Le Service Civil Volontaire, un contrat innovant pour les jeunes.
Le Service Civil Volontaire est un contrat, qui ne relève ni du code du travail, ni du bénévolat. Il est ouvert à tout jeune âgé de 16 à 25 ans à la condition d’être français ou citoyen européen, ou de résider de façon stable depuis au moins un an sur le territoire national. Il est conclu avec une structure d’accueil (association, collectivité territoriale ou établissement public d’intérêt général) pour une période déterminée : 6, 9 ou 12 mois renouvelable dans la limite de 24 mois, à raison d’une durée minimum de 26 heures hebdomadaires. Les missions peuvent avoir lieu en France ou à l’étranger.
L’une des principales innovations est de reposer sur la notion de projet désintéressé d’intérêt général. Les volontaires bénéficient d’une couverture sociale et sont toutefois indemnisés puisque l’Etat apporte une contribution financière aux associations, à hauteur de 900 euros par jeune accueilli et par mois.
Le gouvernement s’est en fait appuyé sur les dispositifs déjà existants, avec la volonté de les fédérer.

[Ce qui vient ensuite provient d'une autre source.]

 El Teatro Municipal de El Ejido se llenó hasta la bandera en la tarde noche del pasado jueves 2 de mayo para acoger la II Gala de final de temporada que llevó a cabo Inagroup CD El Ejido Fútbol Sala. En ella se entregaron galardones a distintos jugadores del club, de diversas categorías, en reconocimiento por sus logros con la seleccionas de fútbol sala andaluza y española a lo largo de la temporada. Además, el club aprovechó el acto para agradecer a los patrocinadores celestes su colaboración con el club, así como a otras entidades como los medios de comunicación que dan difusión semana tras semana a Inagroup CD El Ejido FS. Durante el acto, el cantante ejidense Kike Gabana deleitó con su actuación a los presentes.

Les « cadets de la République » pour la police, « Défense deuxième chance » pour la défense, et le volontariat associatif, sont autant de dispositifs que la nouvelle loi rassemble dans un socle commun. En 2007, près de 50 000 jeunes seront concernés.

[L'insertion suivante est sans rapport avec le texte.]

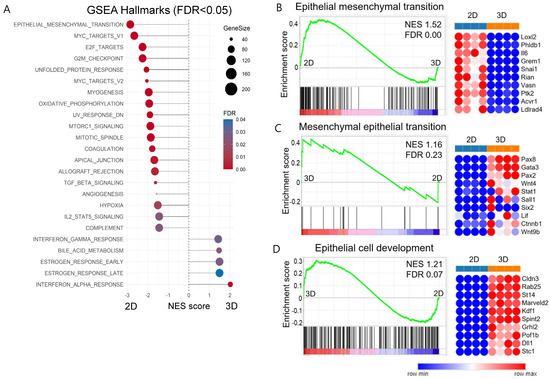 Total RNA sequencing-based functional enrichment analysis of ADSCs. (A) Gene set enrichment analysis (GSEA) for the hallmark gene sets using the entire gene between 2D- and 3D-cultured ADSCs. (B) Notable enrichment of ‘epithelial–mesenchymal transition (EMT)’ in the gene dataset of 2D ADSCs. (C) A positive correlation of 3D ADSCs with ‘mesenchymal–epithelial transition (MET)’. (D) A positive correlation of 3D ADSCs with epithelial cell development. NES, normalized enrichment score; FDR, false discovery rate.

Un statut pionnier : le volontariat associatif
La loi relative au volontariat associatif promulguée le 23 mai dernier crée un nouveau statut de volontariat ainsi qu’un contrat écrit entre le volontaire et l’organisme agrée (association, fondation reconnue d’utilité publique). Son but : organiser les modalités d’un engagement désintéressé, mais déterminé dans le temps, pour un projet d’intérêt général. Autre ajout, la volonté gouvernementale de créer un cadre juridique apte à protéger les personnes qui s’engagent, tout en garantissant aux structures d’accueil liberté d’action et sécurité juridique ; sans oublier une indemnité mensuelle pouvant aller jusqu’à 627 euros versée par l’organisme au volontaire !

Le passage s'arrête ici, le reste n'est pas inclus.